## Work instructions
All lines that hold the string "time" should be copied. Find them in the listing below.

## Material for the task
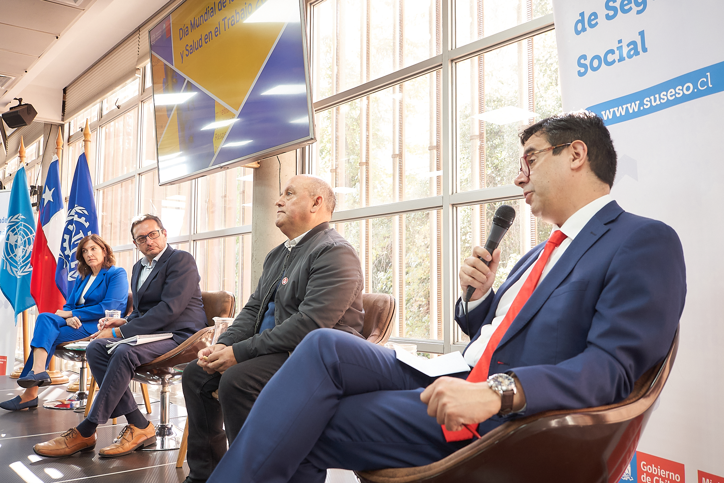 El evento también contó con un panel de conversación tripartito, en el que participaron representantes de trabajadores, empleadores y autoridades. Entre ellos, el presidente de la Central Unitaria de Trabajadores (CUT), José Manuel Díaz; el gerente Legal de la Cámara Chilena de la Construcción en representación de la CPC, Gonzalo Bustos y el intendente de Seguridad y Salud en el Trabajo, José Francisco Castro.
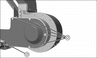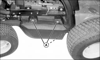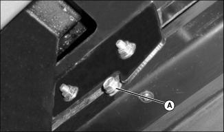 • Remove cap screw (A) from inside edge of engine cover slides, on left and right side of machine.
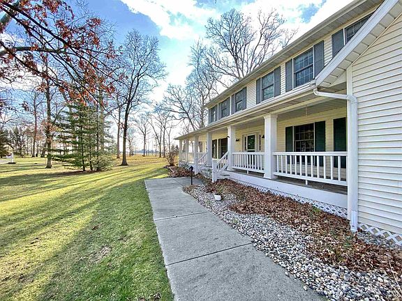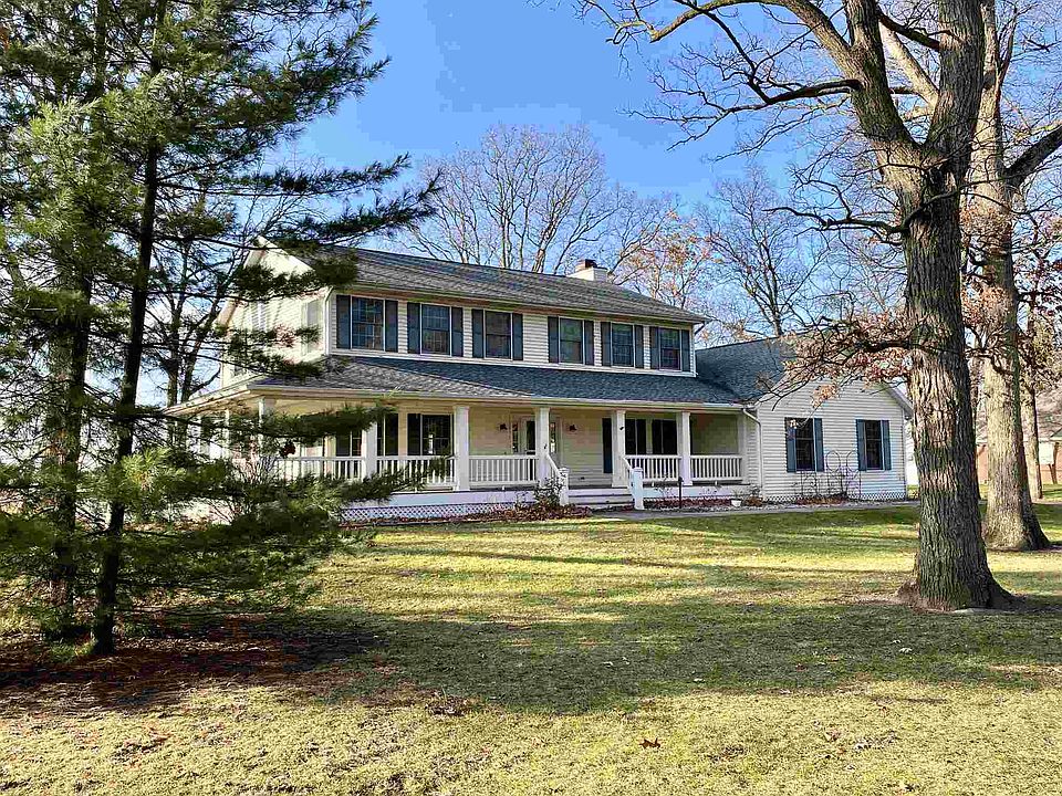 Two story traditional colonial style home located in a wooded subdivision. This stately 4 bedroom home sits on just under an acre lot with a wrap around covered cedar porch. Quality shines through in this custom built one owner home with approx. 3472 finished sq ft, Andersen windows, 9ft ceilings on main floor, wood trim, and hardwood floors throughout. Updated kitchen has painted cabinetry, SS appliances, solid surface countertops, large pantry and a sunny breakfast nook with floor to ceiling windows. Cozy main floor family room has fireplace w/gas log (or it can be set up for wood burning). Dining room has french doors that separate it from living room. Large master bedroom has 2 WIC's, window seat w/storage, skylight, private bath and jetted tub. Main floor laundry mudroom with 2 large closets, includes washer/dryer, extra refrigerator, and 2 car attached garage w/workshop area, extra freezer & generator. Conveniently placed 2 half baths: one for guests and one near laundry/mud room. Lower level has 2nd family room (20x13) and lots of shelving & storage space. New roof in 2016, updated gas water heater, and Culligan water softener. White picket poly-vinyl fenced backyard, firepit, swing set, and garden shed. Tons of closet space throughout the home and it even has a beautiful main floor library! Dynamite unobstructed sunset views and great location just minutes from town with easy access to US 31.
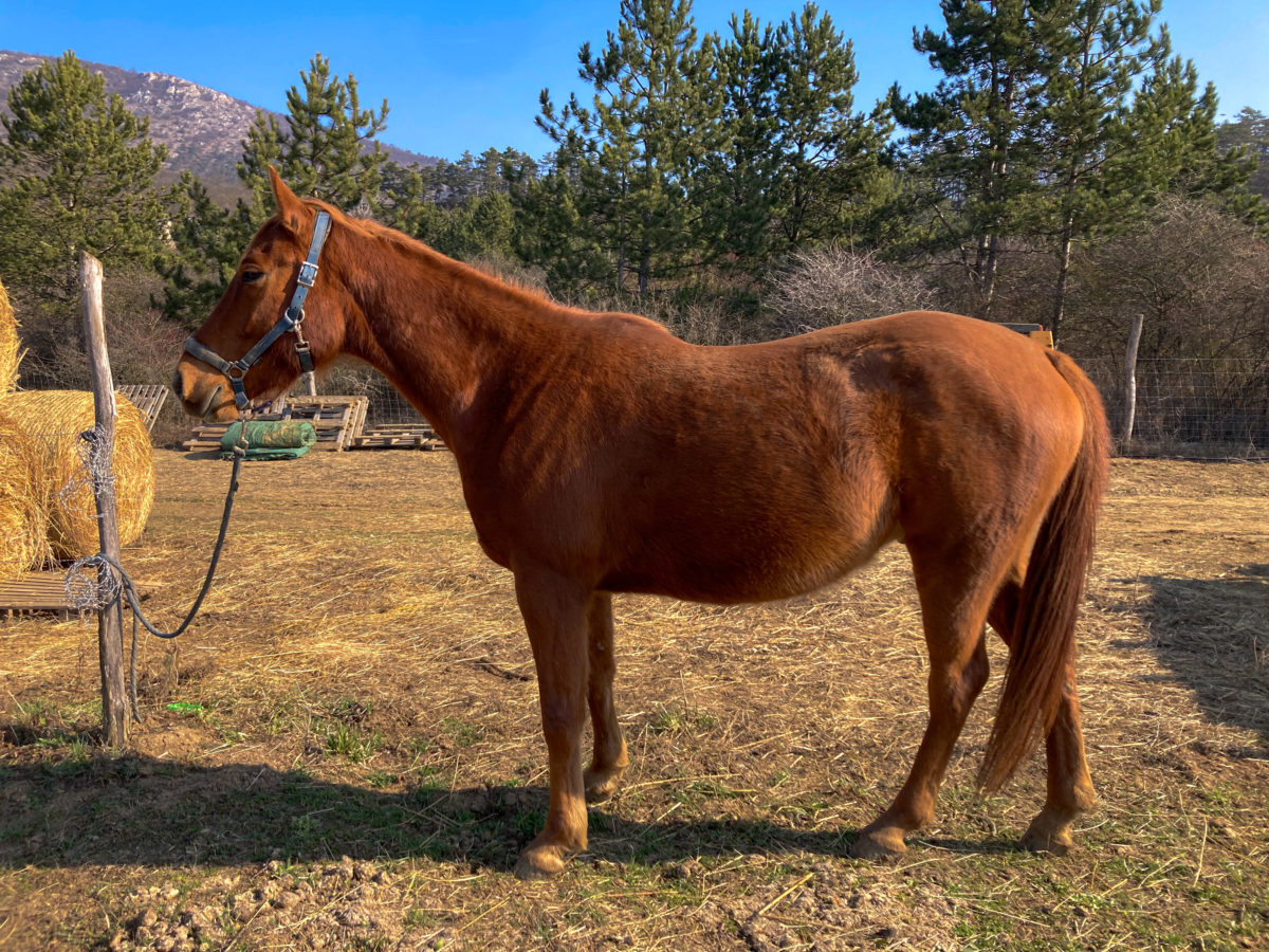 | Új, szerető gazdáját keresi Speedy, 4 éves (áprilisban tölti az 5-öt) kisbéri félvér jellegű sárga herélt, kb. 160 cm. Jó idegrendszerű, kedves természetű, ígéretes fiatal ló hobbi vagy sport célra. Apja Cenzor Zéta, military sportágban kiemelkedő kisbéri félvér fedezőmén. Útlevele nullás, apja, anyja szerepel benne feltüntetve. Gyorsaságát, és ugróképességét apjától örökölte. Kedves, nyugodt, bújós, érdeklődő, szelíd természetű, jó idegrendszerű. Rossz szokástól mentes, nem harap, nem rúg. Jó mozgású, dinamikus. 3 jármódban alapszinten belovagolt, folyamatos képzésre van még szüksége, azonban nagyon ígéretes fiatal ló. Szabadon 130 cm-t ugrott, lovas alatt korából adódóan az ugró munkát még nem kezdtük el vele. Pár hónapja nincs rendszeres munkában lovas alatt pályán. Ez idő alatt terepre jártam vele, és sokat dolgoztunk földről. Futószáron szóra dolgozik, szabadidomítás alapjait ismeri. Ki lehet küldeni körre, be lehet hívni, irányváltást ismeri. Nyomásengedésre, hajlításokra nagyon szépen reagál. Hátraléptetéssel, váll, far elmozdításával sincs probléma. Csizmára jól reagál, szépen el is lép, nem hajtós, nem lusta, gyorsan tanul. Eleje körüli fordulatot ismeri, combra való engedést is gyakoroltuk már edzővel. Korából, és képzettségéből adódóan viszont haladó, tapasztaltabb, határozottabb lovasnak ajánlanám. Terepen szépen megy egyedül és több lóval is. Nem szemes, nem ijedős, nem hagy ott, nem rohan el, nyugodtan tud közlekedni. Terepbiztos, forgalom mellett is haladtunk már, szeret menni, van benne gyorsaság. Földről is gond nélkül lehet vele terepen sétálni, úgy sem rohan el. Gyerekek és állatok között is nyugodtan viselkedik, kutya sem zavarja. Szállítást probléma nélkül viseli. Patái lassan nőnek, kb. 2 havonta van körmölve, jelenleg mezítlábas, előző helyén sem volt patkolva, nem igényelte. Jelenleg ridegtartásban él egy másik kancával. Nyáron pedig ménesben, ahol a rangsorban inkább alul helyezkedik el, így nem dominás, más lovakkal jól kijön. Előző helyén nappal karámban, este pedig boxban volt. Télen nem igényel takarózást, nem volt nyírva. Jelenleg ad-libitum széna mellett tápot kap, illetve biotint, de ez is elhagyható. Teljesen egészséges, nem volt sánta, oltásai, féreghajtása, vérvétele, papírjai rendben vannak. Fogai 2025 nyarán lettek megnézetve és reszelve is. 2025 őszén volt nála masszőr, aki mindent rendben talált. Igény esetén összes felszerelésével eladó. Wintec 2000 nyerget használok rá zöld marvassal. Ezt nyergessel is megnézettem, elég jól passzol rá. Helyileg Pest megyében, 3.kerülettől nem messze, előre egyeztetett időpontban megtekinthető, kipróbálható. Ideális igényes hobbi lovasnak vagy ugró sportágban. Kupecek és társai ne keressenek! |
==
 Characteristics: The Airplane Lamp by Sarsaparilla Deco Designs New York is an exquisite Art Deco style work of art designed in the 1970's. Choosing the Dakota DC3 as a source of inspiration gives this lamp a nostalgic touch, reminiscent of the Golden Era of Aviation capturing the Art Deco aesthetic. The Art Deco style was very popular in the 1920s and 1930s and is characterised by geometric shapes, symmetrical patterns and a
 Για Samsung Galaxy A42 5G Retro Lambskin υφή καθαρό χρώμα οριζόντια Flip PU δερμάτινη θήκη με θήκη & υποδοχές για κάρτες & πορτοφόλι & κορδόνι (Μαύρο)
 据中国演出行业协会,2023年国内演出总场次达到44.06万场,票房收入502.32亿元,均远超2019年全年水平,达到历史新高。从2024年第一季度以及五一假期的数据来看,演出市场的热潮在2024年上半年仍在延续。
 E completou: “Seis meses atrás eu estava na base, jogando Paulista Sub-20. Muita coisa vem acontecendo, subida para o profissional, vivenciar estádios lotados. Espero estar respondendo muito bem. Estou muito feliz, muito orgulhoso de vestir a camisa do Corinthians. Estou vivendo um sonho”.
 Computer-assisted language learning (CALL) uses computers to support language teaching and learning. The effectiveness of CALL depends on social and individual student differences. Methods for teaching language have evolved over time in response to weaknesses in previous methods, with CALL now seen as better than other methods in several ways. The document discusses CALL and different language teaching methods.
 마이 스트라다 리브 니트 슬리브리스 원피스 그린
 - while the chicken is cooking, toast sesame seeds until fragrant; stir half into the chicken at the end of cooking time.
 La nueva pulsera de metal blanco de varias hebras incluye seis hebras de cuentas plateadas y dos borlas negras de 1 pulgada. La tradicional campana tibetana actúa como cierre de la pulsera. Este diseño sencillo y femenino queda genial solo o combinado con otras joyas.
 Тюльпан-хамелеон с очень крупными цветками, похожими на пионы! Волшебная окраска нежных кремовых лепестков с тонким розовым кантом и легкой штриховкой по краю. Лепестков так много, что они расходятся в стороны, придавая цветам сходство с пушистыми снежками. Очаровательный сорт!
...
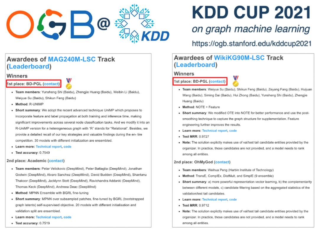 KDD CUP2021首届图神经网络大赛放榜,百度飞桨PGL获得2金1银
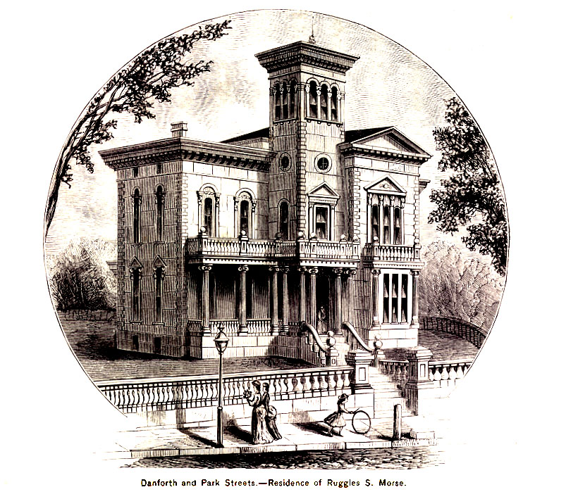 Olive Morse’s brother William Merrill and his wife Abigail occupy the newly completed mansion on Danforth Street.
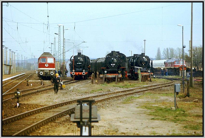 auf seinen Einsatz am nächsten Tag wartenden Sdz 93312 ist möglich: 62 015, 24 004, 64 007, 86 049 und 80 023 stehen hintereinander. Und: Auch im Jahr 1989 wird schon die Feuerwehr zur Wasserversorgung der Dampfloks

## Exercise answer
 Computer-assisted language learning (CALL) uses computers to support language teaching and learning. The effectiveness of CALL depends on social and individual student differences. Methods for teaching language have evolved over time in response to weaknesses in previous methods, with CALL now seen as better than other methods in several ways. The document discusses CALL and different language teaching methods.
 - while the chicken is cooking, toast sesame seeds until fragrant; stir half into the chicken at the end of cooking time.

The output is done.